Pergunto a Peixoto se existiu desde o início da composição destes temas a consciência de que estas seriam canções para uma voz e não instrumentais. Diz que sim: «Tenho logo a noção de quando uma peça é instrumental e quando não é. A própria estrutura melódica conduz-me à forma canção ou não». Já Filipa, diz ela, sentiu-se «muito confortável nestas canções. Aqui estou a cantar num registo mais grave, mais intimista, mas há muito tempo que queria experimentar este registo da minha voz». Pelo meio do processo surge também o poeta João Monge (autor de letras para os Trovante, Ala dos Namorados e Rio Grande), responsável pelos textos cantados em «Estrela» - Filipa conta, arrepiada com a coincidência, que só descobriu depois que vive na mesma casa em que Monge passou a sua infância e juventude.

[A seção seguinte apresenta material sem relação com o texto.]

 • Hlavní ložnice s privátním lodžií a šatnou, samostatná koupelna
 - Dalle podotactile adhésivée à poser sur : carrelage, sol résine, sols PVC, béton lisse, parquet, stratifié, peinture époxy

Outros cúmplices activos no processo foram o produtor Mário Barreiros e os outros músicos participantes: Mário Delgado (guitarra, steel-guitar, sitar eléctrica...), Yuri Daniel (contrabaixo) e Quiné (percussões). Peixoto diz que «já tínhamos trabalhado com todos eles, mas nunca tínhamos estado todos juntos como estamos aqui. E já sabia que trabalhando com eles ia ter boas surpresas. São pessoas criativas, que acrescentaram coisas e optimizaram aquelas canções».

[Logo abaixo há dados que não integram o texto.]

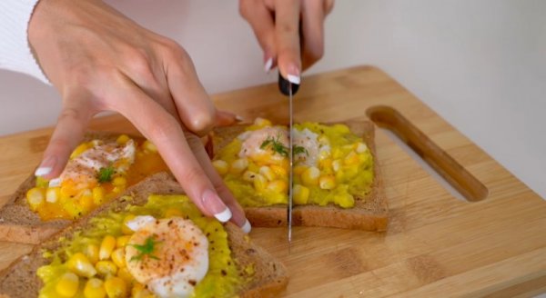 Phết hỗn hợp bơ lên bánh mì, cho trứng chần lên là hoàn thành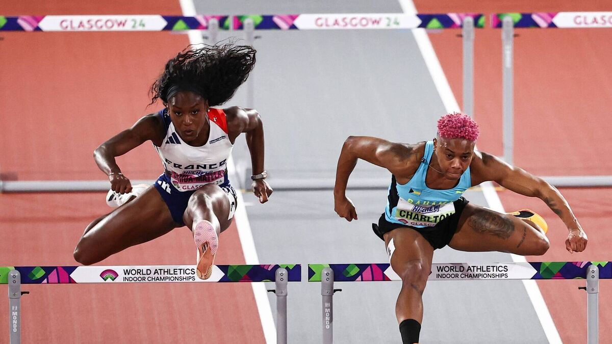France's Cyrena Samba-Mayela (L) and Bahamas' Devynne Charlton compete in the Women's 60m hurdles final during the Indoor World Athletics Championships in Glasgow. Pic: Anne-Christine POUJOULAT, AP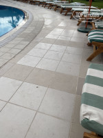 Спустя несколько дней заметили что плитку у бассейна как-то не особо то и моют. Так сметают крупную листву. Под лежаками вообще грязно.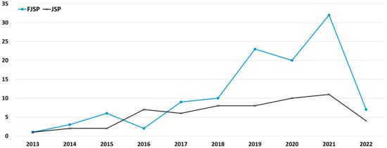 The 172 papers have been published in 82 journals and two different books. However, only 15 journals have published three or more papers on EEJSPs. Overall, these 15 journals have published 89 papers, more than half of the papers found. Table 1 reports the list of journals and the number of papers published in each journal, including only those journals that have published three or more papers.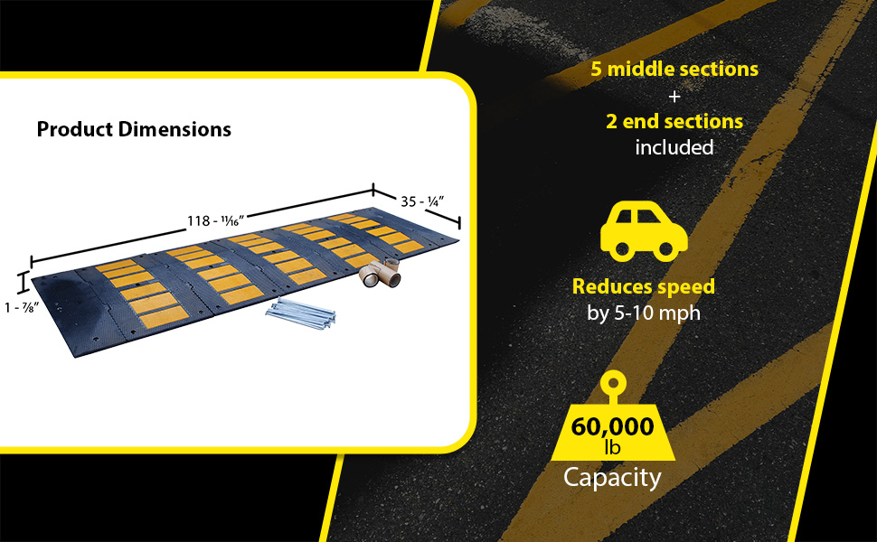 RSH-120-36-A RSH-120-36-ARubber Speed Hump Asphalt Hardware 118-11/16 In. x 35-1/4 In. x 1-7/8 In. 60000 Lb. Capacity Black / YellowUniform Capacity (lb.): 60,000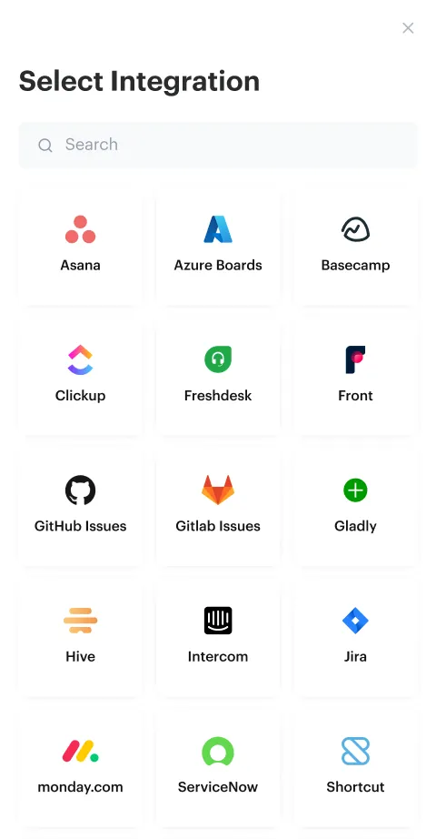 Embedding Merge’s Unified Ticketing API into your product allows your users to have access to Zendesk, Intercom, Salesforce Service Cloud, Gorgias, Help Scout, Freshdesk, Zoho Desk, and many many more!

O álbum vive de universos sonoros bastante variados - da música tradicional ao psicadelismo, do jazz à pop, de ambientes de Norte de África ao Brasil... E não é nada fácil «encaixá-lo» em prateleiras ou géneros. José Peixoto diz que não se preocupa muito com isso, «mas é capaz de caber naquele grande saco, lato e abrangente, da world music. Se formos por exclusão de partes, isto não é jazz, não é música tradicional, não é música erudita...». Já Filipa diz, divertida, que chama a esta música «pop cota». E Peixoto acrescenta entre risos que o próximo disco dos dois será o «pós-cota». Outra promessa: as canções do álbum já foram «testadas» ao vivo em showcases nas FNACs e num festival em Castro Verde, mas haverá mais concertos assim que as agendas dos dois - ou dos cinco - o permitirem.